The two previous demos (1st run and 2nd run) are small-scale, limited in either input protein set or reference database, respectively. Now let's look at a realistic case. In this page we will replicate the analysis described in the original HGTector paper (Fig. 3 of Zhu et al., 2014).
This analysis involves seven Rickettsia species under the spotted fever group (TaxID: 114277). In the 2014 paper, we searched against the NCBI nr database as of 2012. Here we will see what we get using the default database constructed in Oct 2019.
This page won't have much text, since most ingredients of HGTector were already discussed in the two previous tutorials.

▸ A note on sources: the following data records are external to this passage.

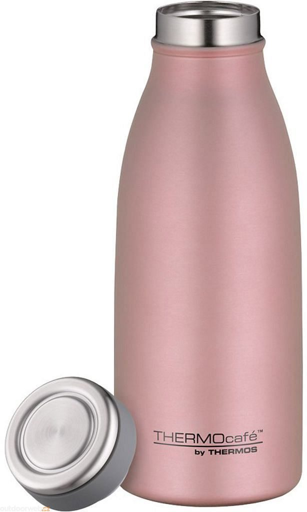 The THERMOcafé thermo bottle is a stainless steel vacuum insulated bottle with a narrow neck and screw cap. The thermos is designed for both cold and hot drinks.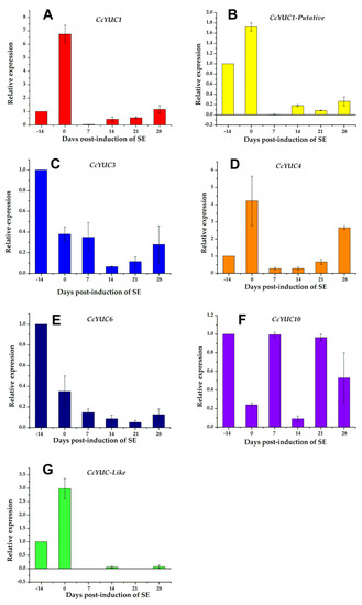 The analysis of the CcYUC expression was performed by qRT-PCR for samples taken on the −14, 0, 7, 14, 21, and 28 dai of SE. Among the CcYUC genes analyzed, it was found that the CcYUC1 gene was especially highly expressed, and its transcription level showed a distinguishably substantial increase on the zero days of SE induction (up to 6.8-fold) (Figure 5A). On Days 7, 14, and 21 of SE, the transcriptional activity of CcYUC1 decreased but then had a slight increase on Day 28 (up to 1.2-fold). In contrast, CcYUC1-putative was only expressed on Day 0 (Figure 5B), and CcYUC4 had two expression peaks, on Day 0 (up to 4.2-fold) and at 28 dai (up to 2.7-fold), respectively (Figure 5C). CcYUC3 (Figure 5D) and CcYUC6 (Figure 5E) genes showed low levels of transcripts compared to Day −14 throughout the entire SE induction process. CcYUC10 had very similar expression times 7 and 21 dai of SE (Figure 5F). The CcYUC-like gene was expressed only during the pre-treatment stage, with a 3-fold increase at the end of the pre-treatment and just before the explants were introduced into the induction medium (Figure 5G). Once in the explant was in the presence of the induction medium, the expression of the CcYUC-like gene disappeared. Of the seven analyzed CcYUC genes, four genes, including CcYUC1, CcYUC1-putative, CcYUC4, and CcYUC-like, were upregulated on Day 0, while CcYUC3 and CcYUC6 were downregulated during the SE induction process. The behavior of CcYUC10 did not follow a definite pattern along with the stages of induction of SE.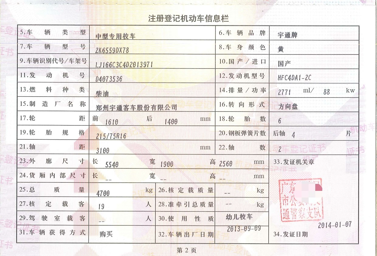 2014年1月宇通19座 幼儿校车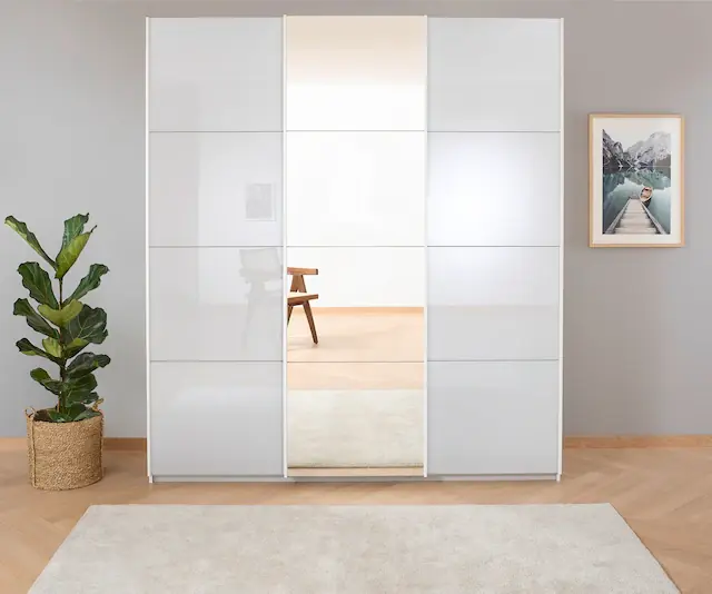 2 Einlegeböden und zwei einzelne Schubkästen in der Höhe variabel positionierbar. In verschiedenen Breiten, Materialien und Höhen erhältlich. Fachböden und Kleiderstangen können individuell eingesetzt werden und in der Höhe verstellt werden. Rauch Easy-Slide-Funktion für ein sanftes, leises Öffnen der Schwebetüren. 100% Made in Germany, ausgezeichnet mit dem Blauen Engel und dem Goldenen M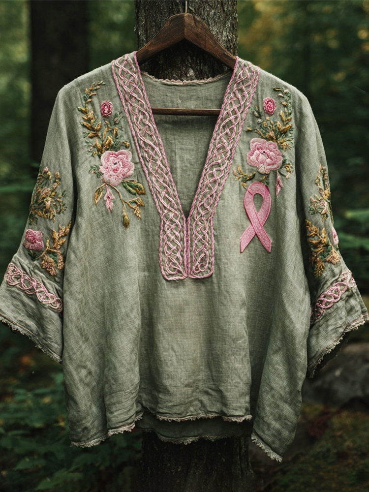 Vintage Celtic Knot Floral Embroidery Pink Ribbon Awareness Women's Linen V-neck Shirt
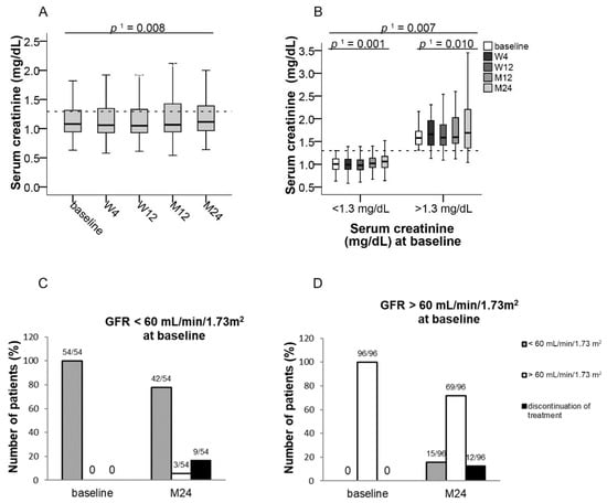 Median serum creatinine and GFR after switching to LCPT at the baseline visit as well as at weeks 4 and 12 and at months 12 and 24. Boxplots show median values with 95% CI (A) for serum creatinine and (B) for serum creatinine according to normal or increased values at baseline; (C,D) show the number of patients for GFR categories < or > 60 mL/min/1.73 m2 at baseline and at 24 months who initially (C) had a GFR < 60 mL/min/1.73 m2 or (D) had a GFR > 60 mL/min/1.73 m2; 1 with Greenhouse–Geisser correction; GFR: glomerular filtration rate, LCPT: once-daily MeltDose® prolonged-release tacrolimus, M: month, W: week.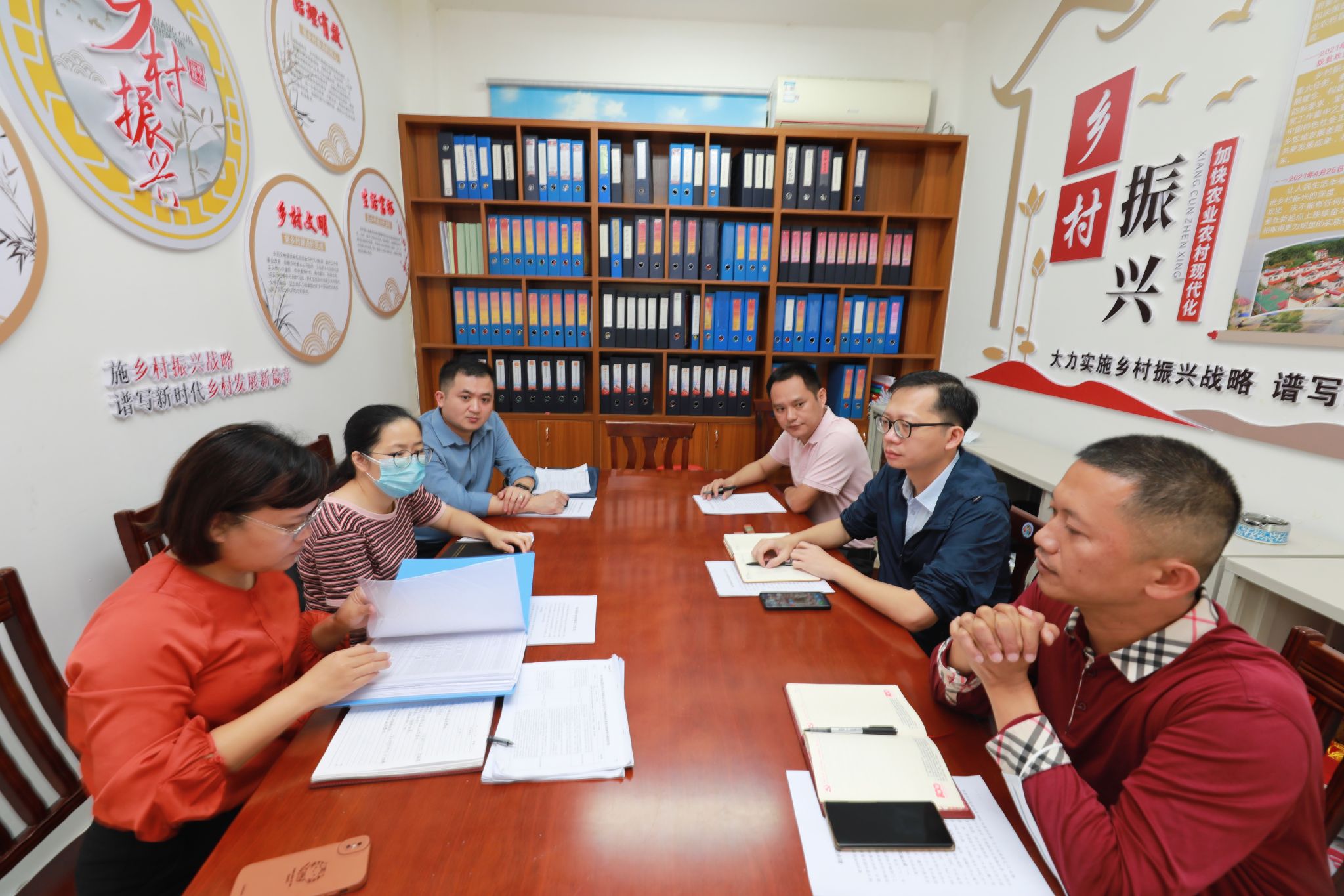 图为黄春燕(左一)在琼中县和平镇堑队村与干部座谈,了解惠民惠农政策落实情况。朱德权 摄

I will let the figures explain themselves.
Species | TaxID | Genome |
---|---|---|
R. africae | 35788 | GCF_000023005.1 |
R. akari | 786 | GCF_000018205.1 |
R. conorii | 781 | GCF_000007025.1 |
R. felis | 42862 | GCF_000012145.1 |
R. massiliae | 35791 | GCF_000016625.1 |
R. rickettsii | 783 | GCF_000018225.1 |
R. slovaca | 35794 | GCF_000237845.1 |
Just run the default workflow:
hgtector search -i input -o search -m diamond -p 16 -d hgtdb/diamond/db -t hgtdb/taxdump
hgtector analyze -i search -o analyze -t hgtdb/taxdump
The automated workflow correctly figured that all seven genomes belong to the spotted fever group (even though it is not a standard taxonomic rank!), and let it be the "self" group. It then moves up one level to genus Rickettsia, and let it be the "close" group.
In this realistic analysis, both "close" and "distal" groups are sufficiently sampled, and the distributions of scores are apparently bimodal.
(Left panel is "close", right panel is "distal", same below)
The default method for kernel bandwidth selection quickly finds the "atypical" cluster in each group.
Finally it predicts a total of 357 putatively HGT-derived genes, out of 8,559 genes in the seven genomes. As the scatter plot (left) shows, it is a pretty conservative prediction. If one wants more candidates, the two parameters --noise
and --silhouette
may be set to zero to include genes in the "grey zone".
The predicted HGT activity is differential across species (right). For example Rickettsia felis appears to have many more HGT-derived genes than Rickettsia akari.
Now we will customize a few parameters so as to mimick the 2014 analysis.
hgtector analyze -i search -o analyze -t hgtdb/taxdump \
--bandwidth grid --self-tax 114277 --close-tax 766
Here the "self" group is still the spotted fever group (the same as HGTector's guess), but the "close" group is raised to order Rickettsiales (TaxID: 766). The enlarged "close" group allows for more robust clustering. Meanwhile, the kernel bandwidth is to be optimized using grid search with cross validation (this is new).
This setting predicts 268 HGT-derived genes.